▶ **WORK INSTRUCTION**: Everything from the line containing "Yol ayrımından girmek" through the line containing "メーカー直販マグカップ304" in the listing below should be copied exactly, and nothing more.

(SUPPLIED MATERIAL begins)

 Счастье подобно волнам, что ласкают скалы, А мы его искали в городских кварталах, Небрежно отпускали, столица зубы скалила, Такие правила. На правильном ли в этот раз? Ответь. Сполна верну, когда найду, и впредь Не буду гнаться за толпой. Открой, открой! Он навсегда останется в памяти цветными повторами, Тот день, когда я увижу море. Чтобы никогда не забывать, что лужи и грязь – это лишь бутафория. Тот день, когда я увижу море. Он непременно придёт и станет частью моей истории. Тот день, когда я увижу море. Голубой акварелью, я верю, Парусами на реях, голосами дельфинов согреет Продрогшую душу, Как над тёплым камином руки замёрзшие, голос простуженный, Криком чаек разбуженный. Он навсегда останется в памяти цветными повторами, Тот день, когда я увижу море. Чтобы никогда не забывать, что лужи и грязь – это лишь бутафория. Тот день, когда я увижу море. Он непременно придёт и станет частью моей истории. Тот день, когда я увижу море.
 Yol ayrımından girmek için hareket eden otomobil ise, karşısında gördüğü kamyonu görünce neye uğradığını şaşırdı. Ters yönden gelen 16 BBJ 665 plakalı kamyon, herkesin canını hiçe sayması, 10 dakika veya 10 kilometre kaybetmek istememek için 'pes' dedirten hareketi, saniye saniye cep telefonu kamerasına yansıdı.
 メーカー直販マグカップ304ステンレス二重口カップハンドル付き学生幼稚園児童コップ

(SUPPLIED MATERIAL ends)
(SUPPLIED MATERIAL begins)

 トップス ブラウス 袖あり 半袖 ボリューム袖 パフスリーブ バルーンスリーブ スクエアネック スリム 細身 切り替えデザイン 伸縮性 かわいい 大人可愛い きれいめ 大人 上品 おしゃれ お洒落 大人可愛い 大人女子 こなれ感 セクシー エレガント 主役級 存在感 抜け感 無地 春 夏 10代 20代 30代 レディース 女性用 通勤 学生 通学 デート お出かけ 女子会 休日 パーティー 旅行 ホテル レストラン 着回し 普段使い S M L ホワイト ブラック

(SUPPLIED MATERIAL ends)

▶ **OUTPUT OF THE EXERCISE**:
 Yol ayrımından girmek için hareket eden otomobil ise, karşısında gördüğü kamyonu görünce neye uğradığını şaşırdı. Ters yönden gelen 16 BBJ 665 plakalı kamyon, herkesin canını hiçe sayması, 10 dakika veya 10 kilometre kaybetmek istememek için 'pes' dedirten hareketi, saniye saniye cep telefonu kamerasına yansıdı.
 メーカー直販マグカップ304ステンレス二重口カップハンドル付き学生幼稚園児童コップ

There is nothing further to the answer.